# UAD Arrow vs RME Babyface



## milesaaron (Nov 27, 2018)

Long time lurker, first time poster

Currently in the process of making some major upgrades to my home studio as part of furthering my hobby in music and, in particular, virtual orchestration/mocks up. Until recently, I was pretty set on upgrading to a UAD Arrow for the following reasons: 

a) Unison pre-amps and tracking with UAD plug-ins
b) Bus-powered/portable
c) Relatively inexpensive

However, I've always known that RME have been the industry leaders when it comes to audio interfaces because of their drivers and latency performance and this has been confirmed by many posts I have seen in this forum. I have therefore been strongly considering the RME Babyface Pro, which is about 250 pounds more expensive than the Arrow, which is not a problem if I am going to see a huge difference. I therefore wanted to get the opinion of the hive mind as to which interface I should go for that would best suit my needs and gear.

For your information, I will be running the interface on the new 6-core top spec i7 mac mini. For my orchestral work I'll be using Cubase and for all other work I'll be using Logic Pro X. I'd basically like to know how much better performance I will get in terms of buffer size, latency and overall CPU performance if I decide to go for the RME over the Arrow. I know that drivers are more critical when running on Windows, so I'm wondering if running the Arrow on Mac negates some of these issues. I've seen a couple of posts in other threads that suggest the Arrow's performance is underwhelming, but I wanted to know if anyone can give any first hand experience.
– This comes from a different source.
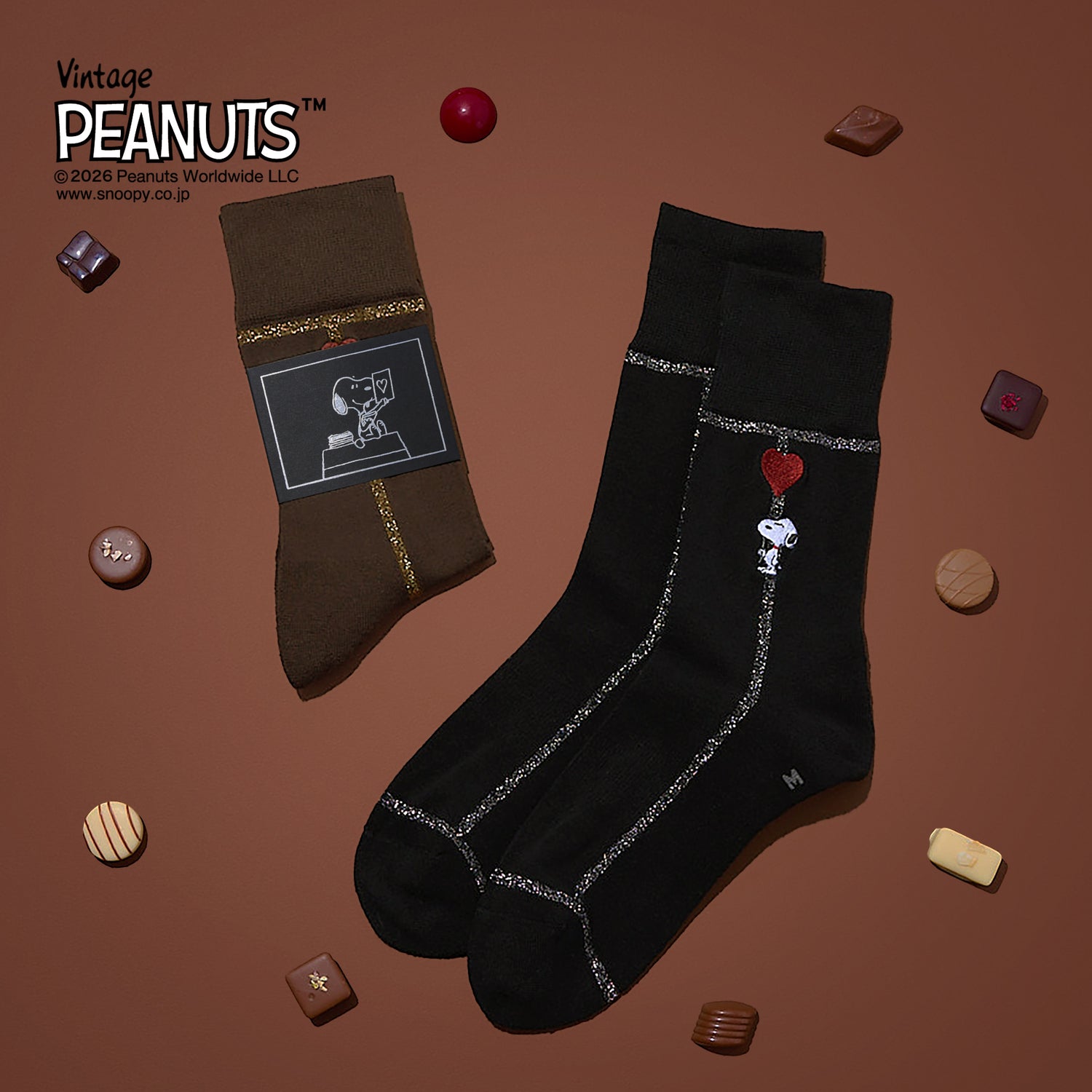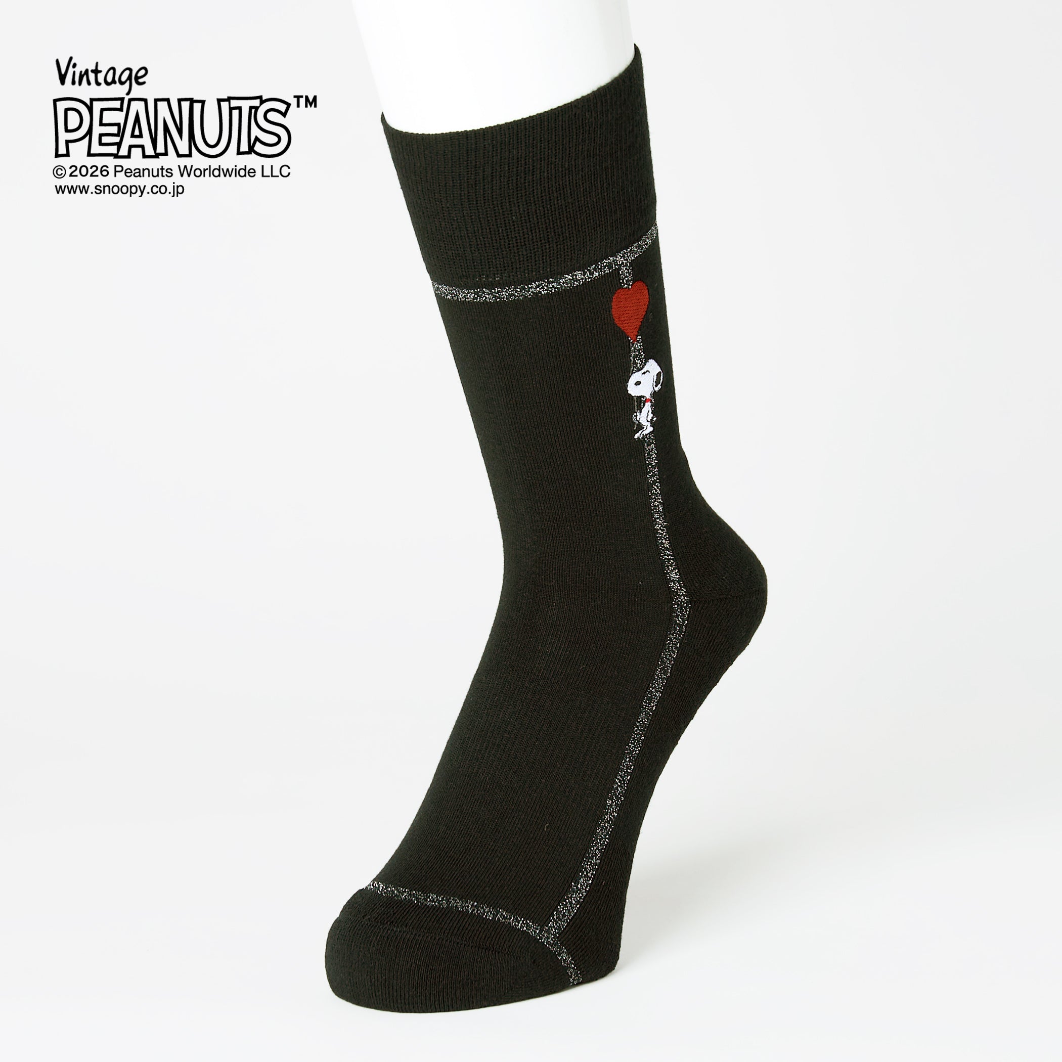 スヌーピーの刺繍やソックスを束ねる巻紙にハートをあしらった、バレンタインにおすすめのデザインです。

Just a quick note: I am aware that the Arrow only has one DSP chip. I do not plan on using it for mixing, but I occasionally record vocalists and it would be nice to use for tracking but I am not prepared have this perk if it will compromise my orchestral templates. The Arrow also lacks a MIDI input, which is another benefit of the babyface pro.

Thanking you in advance!

A-


----------